§ What you are asked to do
An exact restatement of the data is required, with the images omitted.

§ Exercise data

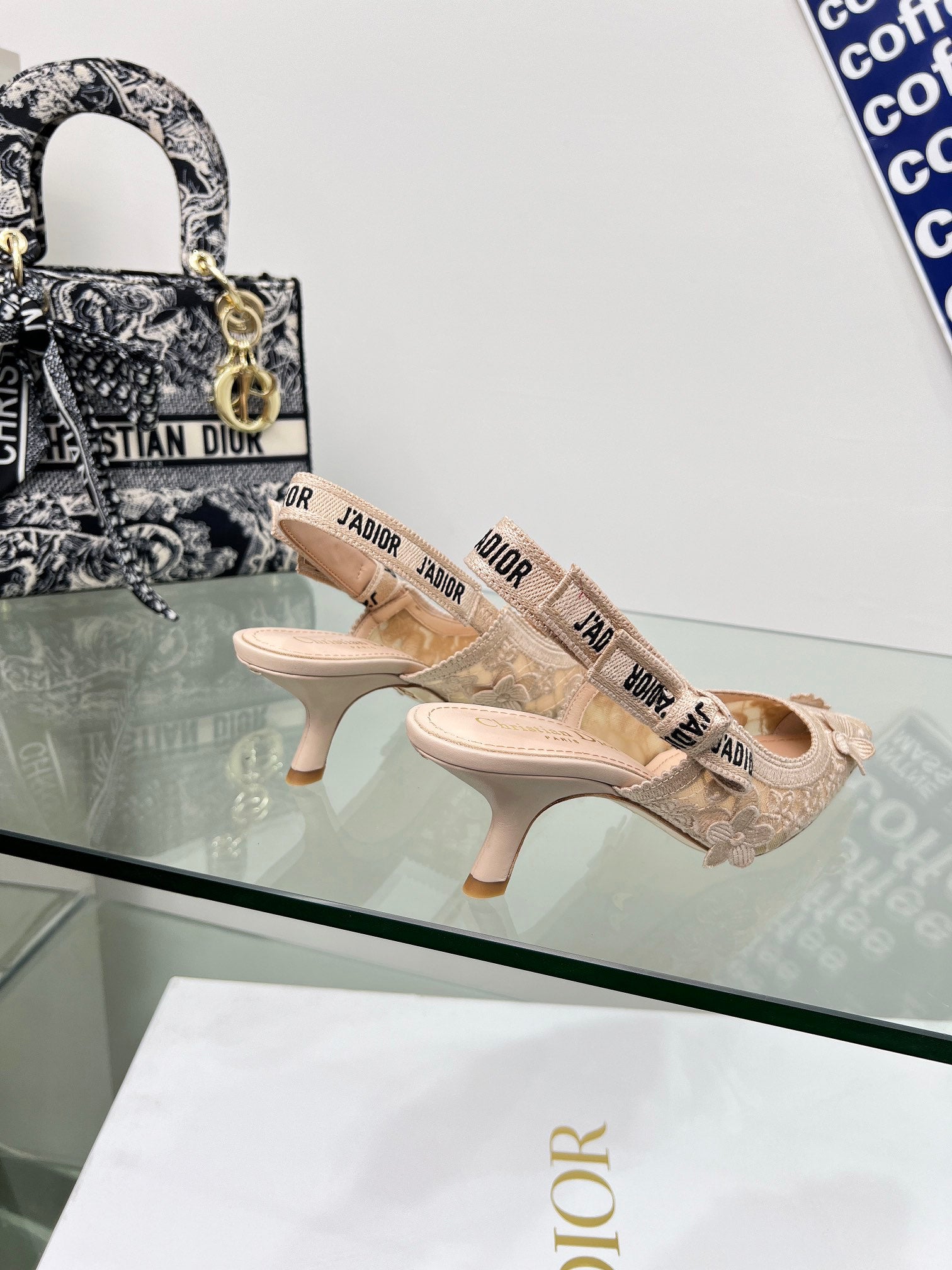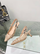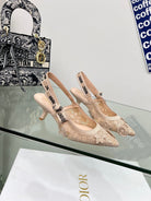 J'Adior Slingback Pump 65mm In Beige Floral Embroidered Lace Fabric 100841
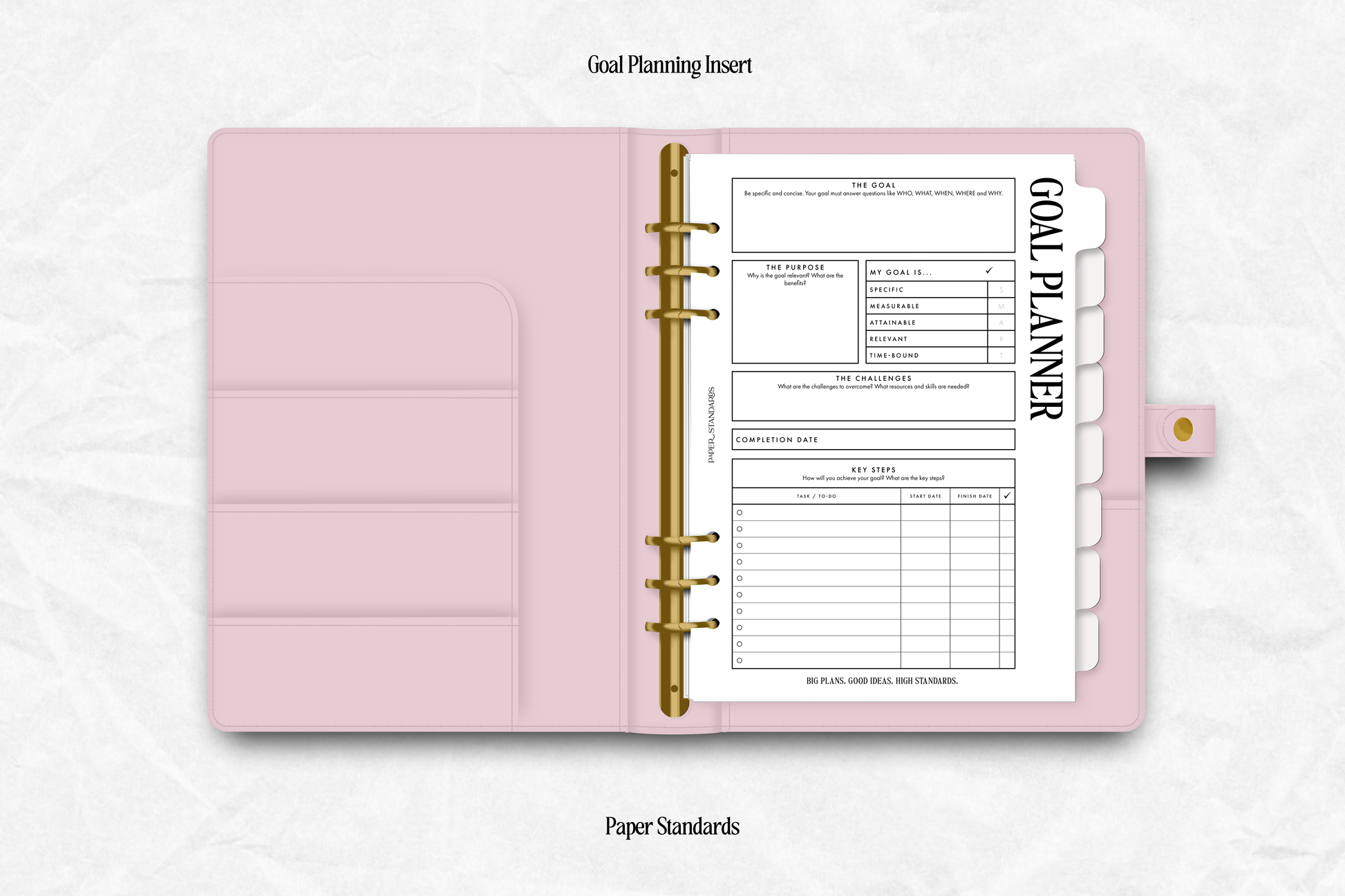 Achieve success by setting SMART goals and making well-defined plans with our Goal Planning Insert! Map out monthly or project-based objectives and track them easily -- making sure your goals remain top-of-mind.
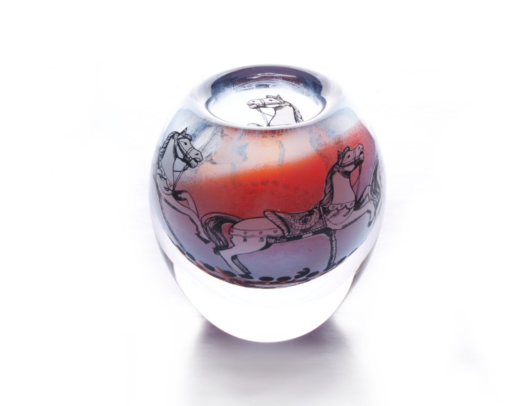 Sini Majuri is combining 100-years old graal technique with modern 3D design creating 3 to 6 layered images inside glass. Her works are cartoon stories inside glass and exhibited in 30 international exhibitions around the world, for example in London, Toronto, Leerdam and New York. The optical illusions of the glass material make her works surreal and dreamlike.
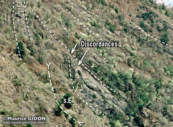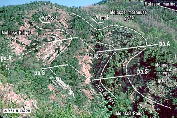 En fait l'examen de la disposition des diverses couches de ce versant montre, à plusieurs niveaux de leur succession, des discordances de onlap* qui affectent les couches de la molasse miocène et qui s'alignent à peu près selon un tracé presque parallèle à la crête.

§ Reply
 J'Adior Slingback Pump 65mm In Beige Floral Embroidered Lace Fabric 100841
 Achieve success by setting SMART goals and making well-defined plans with our Goal Planning Insert! Map out monthly or project-based objectives and track them easily -- making sure your goals remain top-of-mind.
 Sini Majuri is combining 100-years old graal technique with modern 3D design creating 3 to 6 layered images inside glass. Her works are cartoon stories inside glass and exhibited in 30 international exhibitions around the world, for example in London, Toronto, Leerdam and New York. The optical illusions of the glass material make her works surreal and dreamlike.
 En fait l'examen de la disposition des diverses couches de ce versant montre, à plusieurs niveaux de leur succession, des discordances de onlap* qui affectent les couches de la molasse miocène et qui s'alignent à peu près selon un tracé presque parallèle à la crête.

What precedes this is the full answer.